Black History on Salt Spring Island

Black pioneer Howard Estes

With Black History Month being celebrated in February, now is a great time to look into the rich multicultural settlement of early Salt Spring and British Columbia. 

Black pioneers were actually some of the first non-Indigenous people to settle on Salt Spring Island, after Governor James Douglas started allowing homesteaders to pre-empt land in 1859. The definitive text on their history is Crawford Killian’s book Go Do Some Great Thing: The Black Pioneers of British Columbia. Reissued with updated material for its third edition in 2020, the Harbour Publishing title charts “a movement of Black American emigrants fleeing the increasingly oppressive and anti-Black Californian legal system in 1858.” 

Some six hundred Black Californians made the trip to Victoria in the midst of the Fraser River Gold Rush, and some of the settlers carried on to Salt Spring.  

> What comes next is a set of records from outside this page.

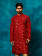 Thread work all over embroidered silk blend kurta with sequins embellishment. Straight knee length , has a mandarin collar, long sleeves, straight hem and side slits.
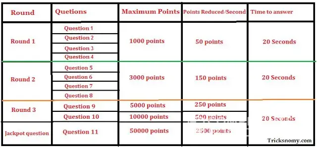 Such a bakwas game. Entire game is fixed or may be fake people are getting 15 lakh sitting at home. People score points like they don't read the question and just do a touch. For me sometimes my time just starts with 5 sec or 0 sec and I couldn't able to mark the answer. Sometimes I can't able to submit answer due to some technical issues. Really fake. Just wanted to increase TRP and making people fool.
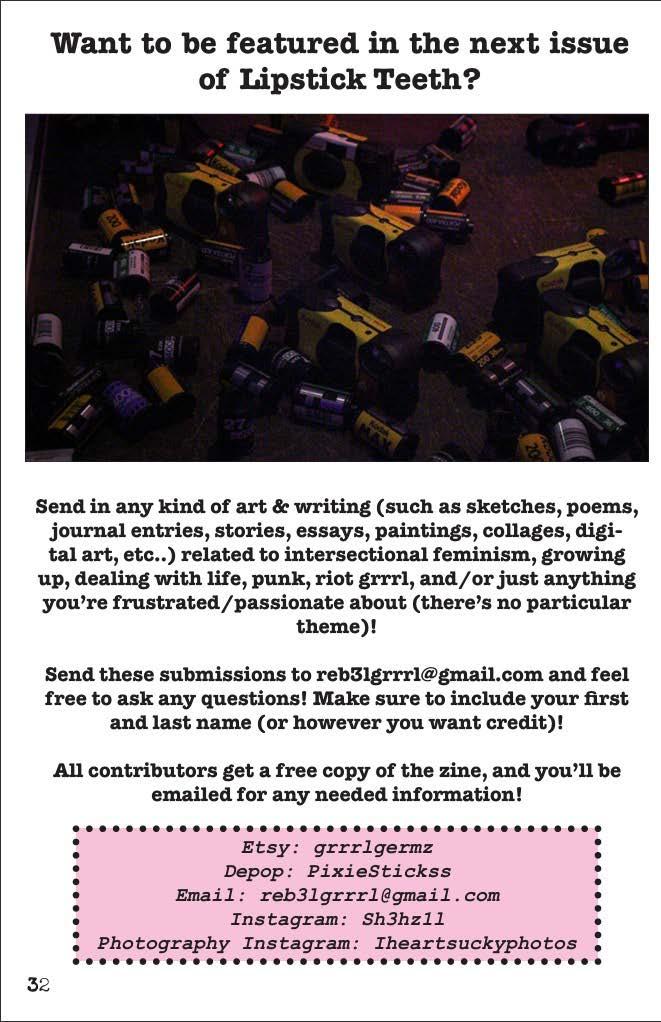 Want to contribute to issue 2 of Lipstick Teeth? Email any type of work to reb3lgrrrl@gmail.com or dm me on Instagram (Sh3hz1l)!

Killian shows how these pioneers “played a pivotal role in the emerging province, establishing an all-Black militia unit to protect against American invasion, casting deciding votes in the 1860 election and helping to build the province as teachers, miners, artisans, entrepreneurs and merchants.”

More information on Salt Spring’s Black settler families  – including the island’s very first school teacher, John Craven Jones –– is available on the Salt Spring Archives website. And check out the online magazine The Orca for the incredible story of Black pioneer Sylvia Estes Stark, which involves “escape from slavery, a trek across the continent, meeting historic figures, and a murder mystery.”